I got to my office about 9:30, having no reason to show up earlier. I had done some insurance work and a little research for a lawyer, but overall, the month had been slow. In the holiday season, even people who are out to screw each other tend to mellow out on rich food and good liquor.

My office was in the 926 J Building, fiftteen stories of brick. When it was built in the twenties, it was one of the highest things in the Valley. By the nineties, shiny new high-rises had dwarfed it. Across the street was Wino Park, now officially called Cesar Chavez Park. Before that the official designation was Plaza Park—I suppose to make Sacramento seem like one of those glorious centers from old Spanish days, like Portola used to visit there all the time. But that ruse was as shallow as a vernal pool around Labor Day. From Sutter on up, the town has been a chessboard for real estate developers. And the park has always been called Wino Park.

My office building used to have a flashy brass revolving door, but they took that out after I moved in.
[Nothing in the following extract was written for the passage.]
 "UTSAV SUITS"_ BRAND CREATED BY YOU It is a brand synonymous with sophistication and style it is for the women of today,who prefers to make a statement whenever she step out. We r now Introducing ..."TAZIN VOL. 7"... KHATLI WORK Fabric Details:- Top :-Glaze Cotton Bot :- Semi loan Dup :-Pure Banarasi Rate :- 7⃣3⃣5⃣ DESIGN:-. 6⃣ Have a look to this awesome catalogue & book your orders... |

The rent wasn’t bad and I could walk to work.

There was only junk mail and not much of that: one for a Mervin Kemp and another for a Marvin Kentmar. At the moment I had no sense of humor so I tossed them. There was a message on my telephone. I dialed my password. It was dated that morning, eight o’clock, from Loralee Carlisle.

Hoping it was not business but suspecting it would be, I listened. Her voice was cool and affable, like someone wanting to discuss painting the house. She wanted to meet me as soon as possible. She left her number.
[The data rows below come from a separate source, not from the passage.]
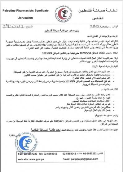 قررت نقابة صيادلة فلسطين، مساء اليوم ، اتخاذ إجراءات نقابية جديدة احتجاجًا على عدم استجابة الحكومة لتحقيق المطالب التي كان تم الاتفاق على تنفيذها.
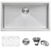 Crafted from high-quality T-304 stainless steel, this sink features a commercial-grade brushed finish that resists scratches and complements your kitchen appliances. The gentle rounded corners make cleaning a breeze while the soundproof coating reduces noise and condensation, providing a quieter washing experience. The sink includes a decorative drain cover and protective bottom rinse grid, offering both functionality and aesthetic appeal. Perfect for a modern kitchen, the Gravena collection blends style with durability, offering a premium experience with every use.
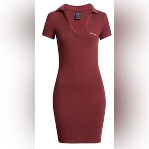 Let’s Frans Ribbed Polo Minidress In Burgundy
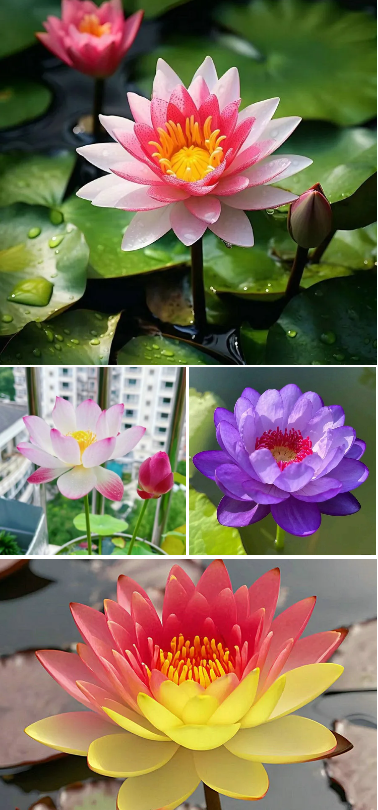 - The plant is 40-45 cm tall, belongs to the ornamental lotus type, small size, many flowers, many beautiful colors
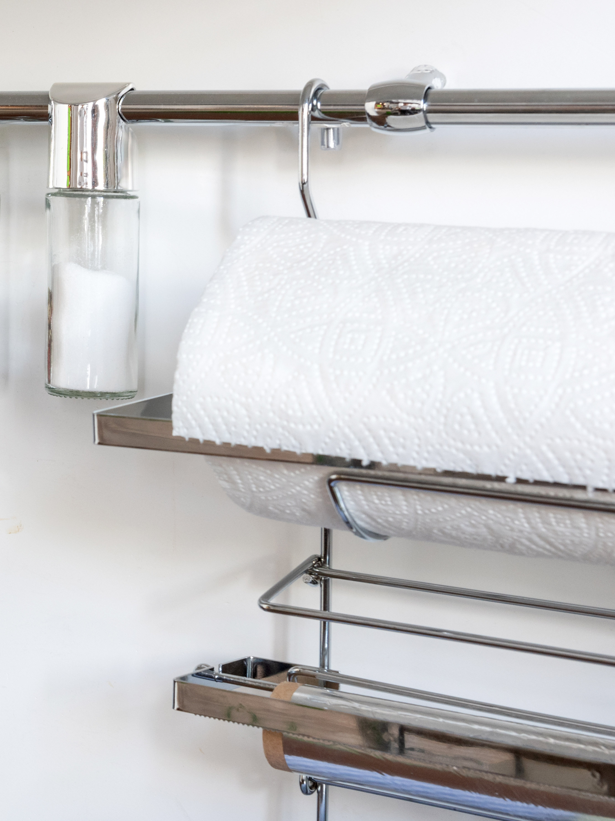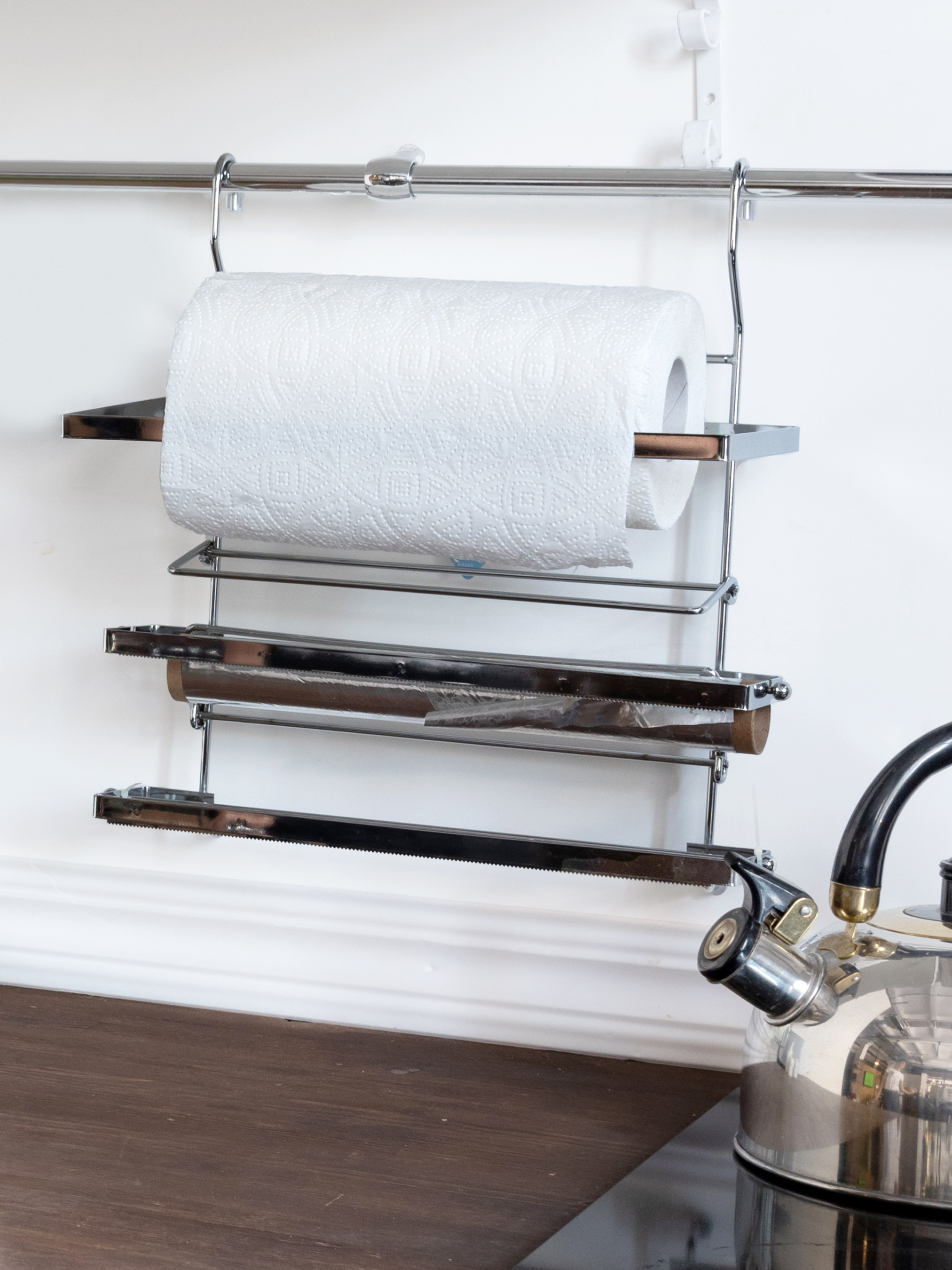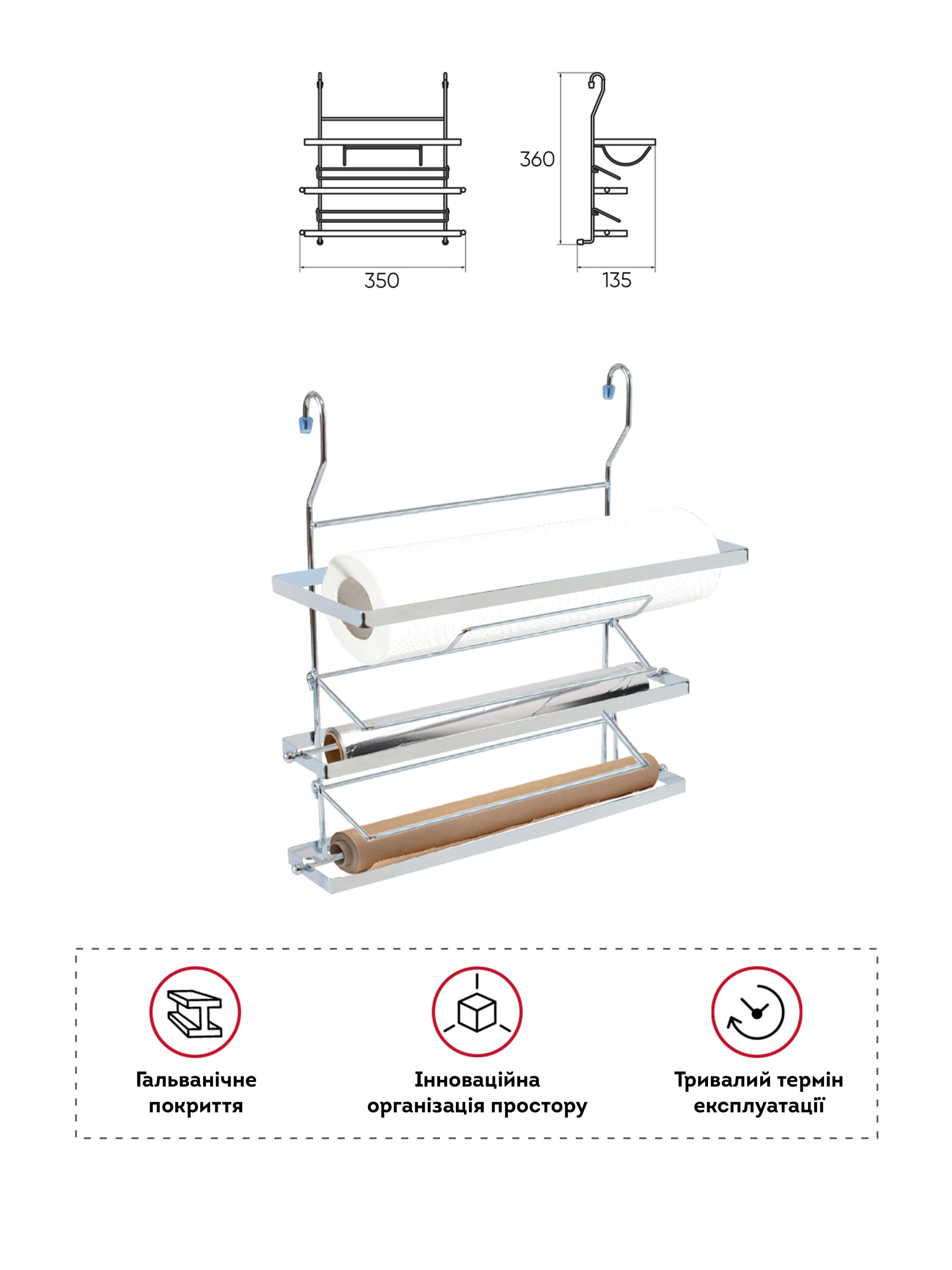 Металевий тримач для паперових рушників, фольги і плівки Lemax відрізняється чудовою якістю і сучасним оригінальним дизайном.Тримач виготовлений з високоякісного металу і прекрасно поєднує в собі високу міцність, надійність і стильний зовнішній вигляд. Підходить для всіх видів рулонних паперових рушників, фольги і харчової плівки.Варто відзначити, що за допомогою тримача для харчової плівки, фольги і паперових рушників можна звільнити простір на стільниці, підвісивши його на рейлінг.Простий і надійний тримач для фольги, плівки та паперових рушників MX-428 буде гармонійним доповненням до будь-якого інтер'єру, а кухонне приладдя буде завжди поруч і в акуратному вигляді, що додасть кухні привабливого зовнішнього вигляду. Якщо ви хочете купити тримач для фольги, харчової плівки і паперових рушників - обирайте ТМ Lemax. У нас в наявності широкий асортимент аксесуарів для кухні, універсальний дизайн яких гармонійно поєднується з більшістю дизайнерських рішень.

I called, talked to a maid or secretary, who told me the address and that 2:30 that afternoon would be a convenient time for Mrs. Carlisle.

I left the office and walked home. I took a shower, shaved, and put on after-shave, cologne, and deodorant. I put on my navy blue silk shirt, and over it my neat gray herringbone with maroon highlights, and my wine-blue tie. I found my gray wool slacks and checked them carefully for food stains from the last wedding or funeral I’d attended, made sure I had black socks that matched, then polished the shiny shoes I rarely wear. I even made sure the clean underclothes I put on were free of holes, though I really didn’t know why that would matter. I grabbed my new Stetson fedora and was nearly out the door when I looked at the clock and saw it was barely 11:30. I took off my coat, draped it carefully over a kitchen chair, got a towel and wrapped it around my shirtfront. I made a sandwich and listened to the jazz station while I read a little Vonnegut. At a quarter-to-two I brushed my teeth, put on my coat and overcoat, grabbed my umbrella, and went downstairs to my car.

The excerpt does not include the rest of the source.